Media Centre

Media Centre

Annoy responsibly!

Annoy responsibly!

10 Nov 2020

Hong Kong YouTuber Brian Cha received a ton of negative criticism for telling users to quit YouTube if they didn’t like being bombarded by his ads.

While his response to haters was certainly entertaining, the core question posed by users still stands: why do brands overwhelm us with so many ads?

The Annoyance Factor

The answer is simple really. It’s because they’re using what is known in advertising circles as the ‘annoyance factor’ to drive brand recall in a quick and highly effective manner.

In it’s purest form, the annoyance factor is found in a catchy jingle that loops so that consumers can’t get the song out of their head.

Notable examples include Christmas songs chimed into shopping malls, “I’m a ToysRus kid” and more recently “YUU” heard at a Wellcome store near you!
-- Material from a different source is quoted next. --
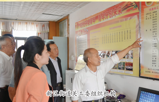
新区街道关工委组织机构
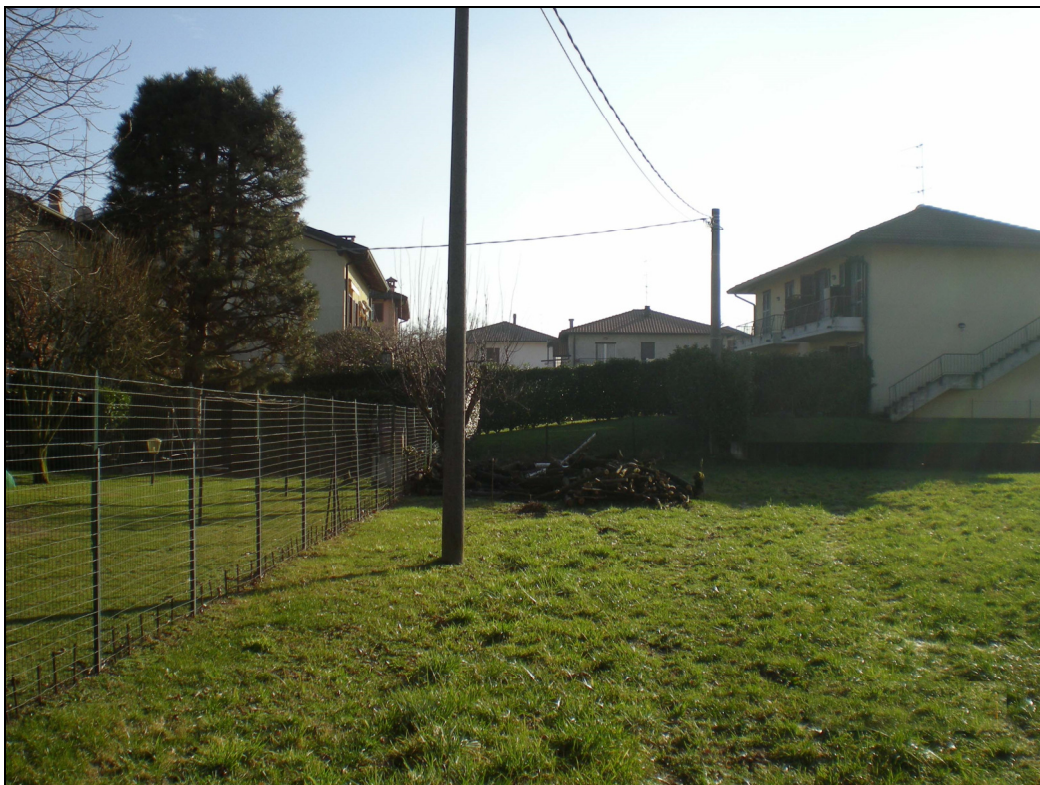
Punto di ripresa n.3

However, online users can now mute ads in their entirety, so other formats such as looping banner ads, repetitive messaging, and frequent ad breaks inserted into videos have been devised to condition consumers into seeing these common annoyances as a regular part of internet browsing.

Conversions count!

For better or worse, the most annoying ads are rarely ignored! So it’s no wonder that the most persistent ads are able to over-perform and carve out a decent chunk of revenue and conversation (albeit sometimes negative) for brands—and where there’s conversation there’s profit, so you can bet more ad dollars to be invested in that direction!
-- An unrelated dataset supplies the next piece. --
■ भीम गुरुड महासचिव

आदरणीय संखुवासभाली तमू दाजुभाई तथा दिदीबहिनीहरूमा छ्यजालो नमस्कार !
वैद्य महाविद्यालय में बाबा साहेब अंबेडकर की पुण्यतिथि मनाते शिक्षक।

This is because conversions from the ad objective simply need to deliver awareness, traffic or whatever the KPI may be regardless of whether it annoys people in the process!

However, annoying people does have its limits (think spam emails) and brands need to know where to draw the line. So whether annoying the user is a recommended tactic or not depends on the key deliverable; after all, a high-performing metric (i.e. clicks, buzz, reach) is not always a key margin of success as Gary Vee explains:

Here at Meology, we don’t just judge whether an ad is annoying or not, we judge whether it meets its specific objective (i.e. sales, sign-ups, footfall).

After all, it’s one thing for an ad to show up so frequently that it becomes memorable, but it’s another to appear so often that people learn to ignore your ad by becoming ‘banner blind’ towards it!